Yes! There really are!!! One case I've been told of is an SPI bridge
that uses the first byte of the transfer to obtain the chip select.
> Isn't what you're
> describing really a case of an SPI bridge, as you also call it below? In
> which case, I think, it might make sense to cleanly differentiate these
> two cases:
>
> 1. SPI chipselect. Either controlled by an external (typically a GPIO)
> signal or by the controller itself, in the latter case the controller has
> to be configured with the required address
>
> 2. SPI bridge. I don't know such configurations, so, I can only guess: the
> SPI controller has a single SPI client, which acts like a bridge. It
> receives data from the primary host, and in this data the target client
> data and its address are encoded.
Yes, this is probably appropriate.
> Now, I can also imagine case 2 where the bridge is actually a part of the
> host controller... Even though this doesn't make any sense to me.
Hmmm, yeah, I suppose it is possible; but if it is internal to the bus
controller then it can also be handled internally by the bus
controller driver and probably won't need to be reflected in the
device tree layout.
>> Essentially, the binding would need to describe the ability to
>> completely intercept and rewrite all SPI messages going through the CS
>> scheme.
It also needs to describe layouts which require SPI transfers in a
particular order. For example, if you're doing 2 SPI messages (M1 and
M2) to 2 different SPI devices (S1 and S2), and the CS lines are on a
GPIO expander which is a third SPI device (S3). In which case 5 or 6
SPI messages need to be transmitted:
ctrl msg -> S3 // To set the CS to S1
M1 -> S1
ctrl msg -> S3 // To clear the CS to S1
ctrl msg -> S3 // To set the CS to S2
M2 -> S2
ctrl msg -> S3 // To clear the CS to S2
An important subtlety to note here is that the GPIO device (S3) cannot
simply enqueue the control message to the SPI device when it is time
to send M1 or M2. Normal enqueuing would add the messages to the end
of the queue; too late to actually activate the relevant CS line.

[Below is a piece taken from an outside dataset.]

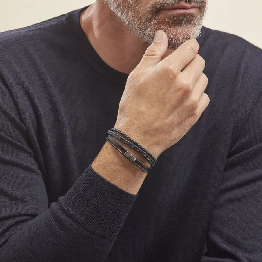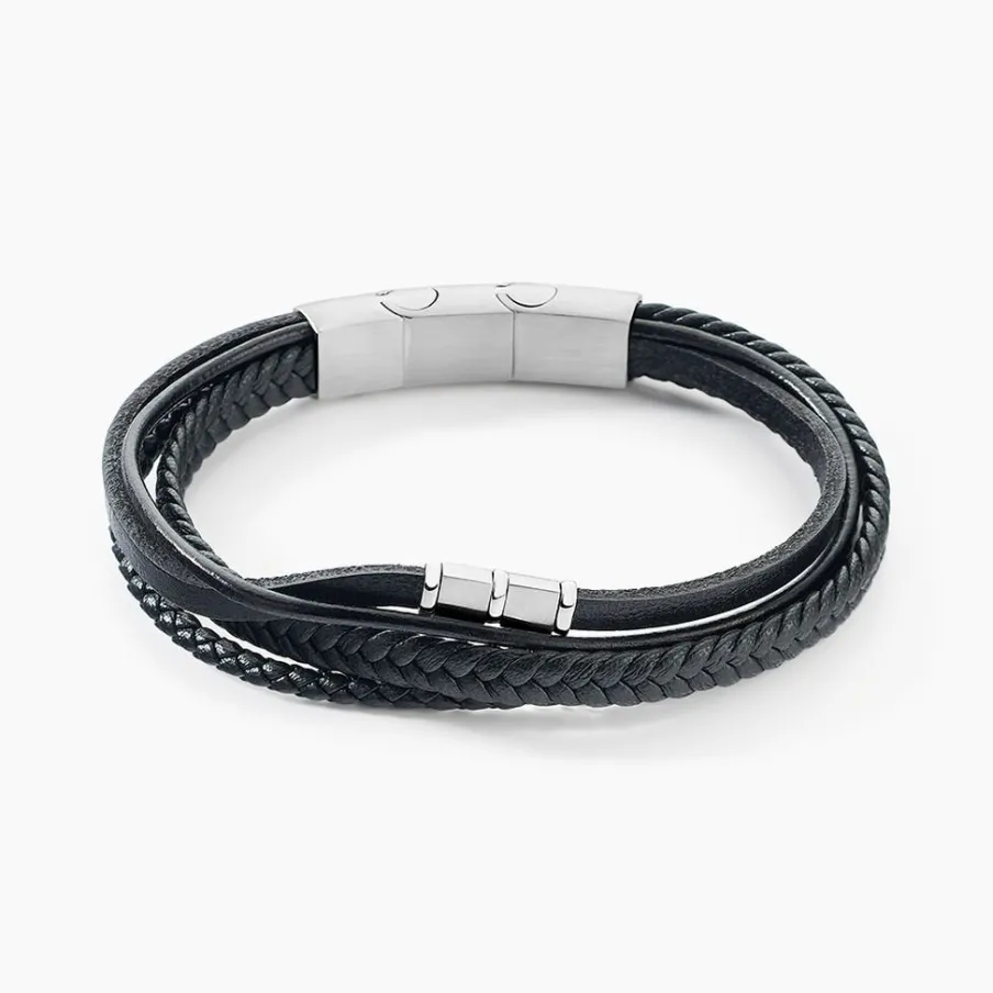 Bracelet Acier Inoxydable Blanc Multi Bracelets Tressé Cuir De Vache Noir Et Synthetique Noir 21cm

Granted, the is mostly a driver issue; not a device tree issue; but it
has some impact on the layout. It could be handled with the
spi_bridge construct, but S1 and S2 aren't really children of S3. On
the other hand; the spi_bridge is really more of a board level
construct. The spi_bridge could be considered the board wireup and
S1, S2 and S3 are all children of the spi_bridge. The spi_bridge
would have to be knowledgeable enough to handle control messages to S3
in a special order.
>> I'm not saying it's not possible to do, but I am saying that I'd like
>> to have a better feel for all the use cases before it is defined. I'm
>> not convinced that adding a cs-parent phandle will do that
>> appropriately. That being said, my gut feel is that the solution will
>> be to support spi-bridge nodes that handle the complex CS
>> configuration settings; the spi-bridge would be a child of the
>> spi-master and the parent of the spi devices; and simple CS settings
>> being handled with regular old GPIO bindings. (Much like the last
>> suggestion you make; except that I think that it *does* looks
>> elegant.) :-)
>
> Ok, elegance apart:-) You can use the SPI-bridge construct to also
> describe simple SPI-chipselect configurations. But is it really a good
> idea? Wouldn't it be better to handle these two cases separately? Using
> "bridge" to describe CS's seems also confusing - imagine someone
> implementing a new DTS, having to describe a bridge not having one doesn't
> seem very intuitive:-)
... and it must be said that I got rather lazy in my example below. I
really covered both layouts (simple GPIO and an SPI bridge in the same
example without documenting it sufficiently. I'll hash out my
thoughts some more and post a series of better examples this
afternoon.
>
>> example; here's an SPI bus that has 2 GPIOs for two bus CS lines and
>> an SPI bridge that uses both CSes; one address for accessing the
>> bridge's CS register and one CS to access the downstream devices.
>>
>> + SPI example for an MPC5200 SPI bus:
>> + spi@f00 {
>> + #address-cells = <1>;
>> + #size-cells = <0>;
>> + compatible = "fsl,mpc5200b-spi","fsl,mpc5200-spi";
>> + reg = <0xf00 0x20>;
>> + interrupts = <2 13 0 2 14 0>;
>> + interrupt-parent = <&mpc5200_pic>;
>> + gpios = <&gpio1 0 0 &gpio1 1 0>;
>> + spi-bridge@0 {
>> + compatible = "oem,spi-bridge-type";
>> + reg = < 0 1 >; // note: 2 SPI CS addresses; first one to access bridge registers
>> +
>> + ethernet-switch@0 {
>> + compatible = "micrel,ks8995m";
>> + linux,modalias = "ks8995";
>> + max-speed = <1000000>;
>> + reg = <0>;
>> + };
>> ... // and more SPI child nodes here...
>> + };
>> + };
>>
>> But even this doesn't reflect the hardware layout well. What if the
>> SS lines are on SPI GPIO expanders on the same bus? Then does it make
>> sense for them to be layed out as spi bridges?
>
> Well, in this case - yes, because addressing clients "behind" the expander
> and the expander itself is done differently.
>
> On the whole, I think, it begins to look good - I think, it is better to
> implement an imperfect but complete and consistent scheme and modify or
> extend it in the future, than a perfect, but incomplete, and have to use
> auxiliary means (platform bindings) to fill in the gaps.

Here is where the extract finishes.